In many districts, 50% of the stone inscriptions have traces of Christianity, but, in Uppland, which has the highest concentration of runic inscriptions in the world, about 70% of the 1,196 stone inscriptions are explicitly Christian, which is shown by engraved crosses or added Christian prayers, and only a few runestones are not Christian.

Scholars have suggested that the reason why so many Christian runestones were raised in Uppland is that the district was the focal point in the conflict between Norse paganism and the newly Christianized King of Sweden. It is possible that the chieftains tried to demonstrate their allegiance to the king and to display their Christian faith to the world and to God by adding Christian crosses and prayers on their runestones. What speaks against this theory is the fact that Norway, Denmark, and Götaland did not have any corresponding development in the runestone tradition. Moreover, not a single runestone declares that there was any relationship towards the king. Additionally, the runestones appear to show that the conversion was a rather peaceful process.

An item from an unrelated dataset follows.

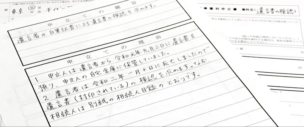 以下の書類を、遺言をのこした人が亡くなる時に居住していた地域(原則として住民票をおいていた地域)の家庭裁判所に提出します。申立ては遺言を見つけた人や相続人が「申立人」となって行います。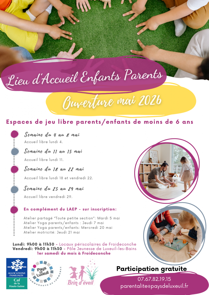 - Lieu d’Accueil Enfants Parents – programme de Mai 2026Le Lieu d’Accueil Enfants Parents de la CCPLx vous accueille tout au long du mois de mai. Renseignements via l’adresse parentalite@paysdeluxeuil.fr ou par téléphone/SMS au 07.67.82.19.15.

According to another theory, it was a social fashion that was popular among certain clans, but not among all of them. Once some clans in southern Uppland had begun to raise runestones, neighbouring clans emulated them. However, in parts where these clans were less influential, the runestone raising did not reach the same popularity. Several scholars have pointed out the long Viking expeditions and the considerable amassment of wealth in the district. At this time, Swedish chieftains near Stockholm had created considerable fortunes through trade and pillaging both in the East and in the West. They had seen the Danish Jelling stones or they had been inspired by Irish high crosses and other monuments.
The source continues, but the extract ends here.